1. Os dados do Barómetro Global da Corrupção, divulgados esta semana pela Transparência Internacional, não mentem: os portugueses acham que o país que habitam é um antro de corrupção.

Alguns indicadores apurados: 88% dos inquiridos acreditam que há corrupção no Governo; 63% dizem que esse mesmo Governo está capturado pelos grandes interesses; 41% afirma que as coisas pioraram no último ano e outros 41% que “está na mesma”.

Na lista dos maiores suspeitos estão os deputados, os banqueiros e os empresários.

2. O único dado otimista dentro da União Europeia é que – diz o relatório – 64% das pessoas acreditam que os cidadãos comuns podem fazer a diferença no combate à corrupção. Em Itália e Irlanda este número ultrapassa os 80% e em Portugal chega aos 85%.

Confrontados com esta realidade, para a qual muito contribuem diária e generosamente, os propagandistas avençados do regime desabafam nas redes sociais que o problema está no Chega. Ou seja, André Ventura não é uma consequência desta realidade; para aquelas cabecinhas, terá sido ele, Ventura, que, ao chegar, criou este país e esta realidade. Extraordinário, sem dúvida.

3. Este estudo só pode surpreender quem viva na bolha.
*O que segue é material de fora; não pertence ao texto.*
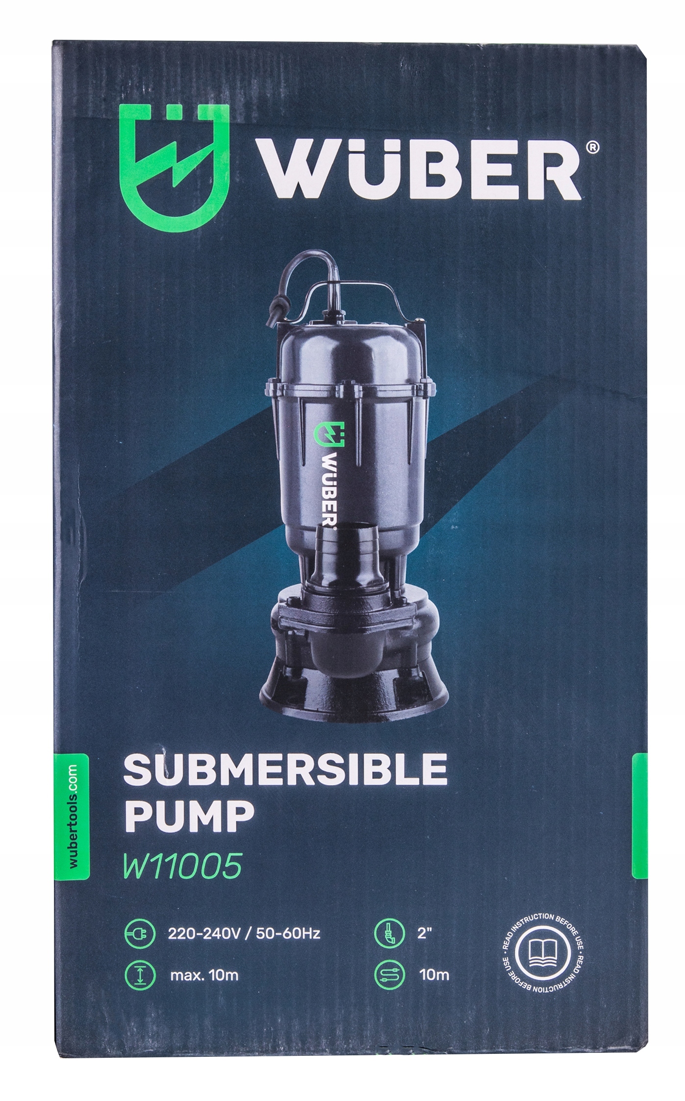 Занурювальний насос Wuber W11004 виготовлено з високоякісних матеріалів, що робить його повністю герметичним і повністю занурюваним. Він був ущільнений подвійним сальником, що відокремлює воду від електрики насоса. Він оснащений надійним двигуном потужністю 2500 Вт, завдяки якому пристрій досягає швидкості 3000 об/хв, що в перекладі означає ефективність 18 000 л/год. Він може легко підняти потік води на висоту до 10 м. Вбудований чавунний лопатевий подрібнювач дозволяє безпечно видаляти всі органічні відходи, такі як фекалії та туалетний папір або залишки їжі. Насос оснащений конденсатором, який забезпечує плавний пуск насоса, завдяки чому двигун менше піддається пошкодженням, що істотно впливає на термін його служби. До насоса можна підключити шланг діаметром 2'' мм, завдяки чому пристрій здатний перекачувати велику кількість води. Кабель живлення довжиною 10 м дозволяє використовувати насос навіть у місцях, віддалених від джерела живлення, без використання подовжувача. З’єднувач FAST-FIX із зовнішнім різьбленням, прикріпленим до насоса, дозволяє негайно встановити напірний шланг із FAST-FIX на кінці.

Quem viu como foi descartada a anterior Procuradora-Geral da República, Joana Marques Vidal, o ex-presidente do Tribunal de Contas, Vítor Caldeira e alguns diretores da PJ;

Quem assiste à forma monárquica como o PS reina em Portugal e nomeia quem quer e como quer para cargos do Estado que não deveriam ser aprisionados pela ‘confiança política’;

Quem olhou com olhos de ver para o escândalo que rodeou a nomeação do procurador português José Guerra para a Procuradoria-Geral Europeia;

Quem entende como funciona o bloco central de interesses, mesmo em tempos de aparente ‘geringonça’ ou do que resta dela, e como se comportam alguns deputados ao serviço dos seus eternos patrões privados;

Quem vê isto e muito mais a desfilar diariamente aos seus olhos – por exemplo: como se distribuem os grandes negócios – e não se sobressalta, não percebe como tem sido afetada a confiança das pessoas nas instituições nacionais é, com certeza, parte do problema.

4. Neste caldo nacional, a aplicação dos fundos europeus, que significam até 2030 uma injeção financeira maior que a da troika (porque muito desse dinheiro vem sob a forma de ‘fundo perdido’), tem de ser submetida a um controlo férreo que deve envolver toda a sociedade. Pessoalmente, não tenho qualquer dúvida: ou é criada uma rede de segurança e vigilância com vários níveis de proteção ou temos aqui mais uma tragédia anunciada e motivos para novas notícias escandalosas no futuro, razões para temer o pior e o agravamento da perceção da corrupção.

Como se tem visto, mesmo na Europa, num dos espaços civilizacionais mais avançados do mundo, a corrupção é rápida no ligar dos aspiradores. As pessoas são o que são e não há que ter esperanças vãs.

Aquilo que faz a diferença é o escrutínio, uma boa investigação, uma Justiça rápida, estruturas sociais a funcionarem libertas e sem medo. Sem isso não há integridade. E o Governo, os sucessivos governos, deve(m) ser julgado(s) pelo que somos por baixo deste céu bonito. A Liberdade é muito mais do que podermos dizer o que queremos – e, nesse aspeto, o país não cumpriu a utopia de Abril de 1974. Não tem a ver com pessimismo, muito menos com extremismo. É a realidade, o funcionamento do Poder e da economia. É ‘isto’.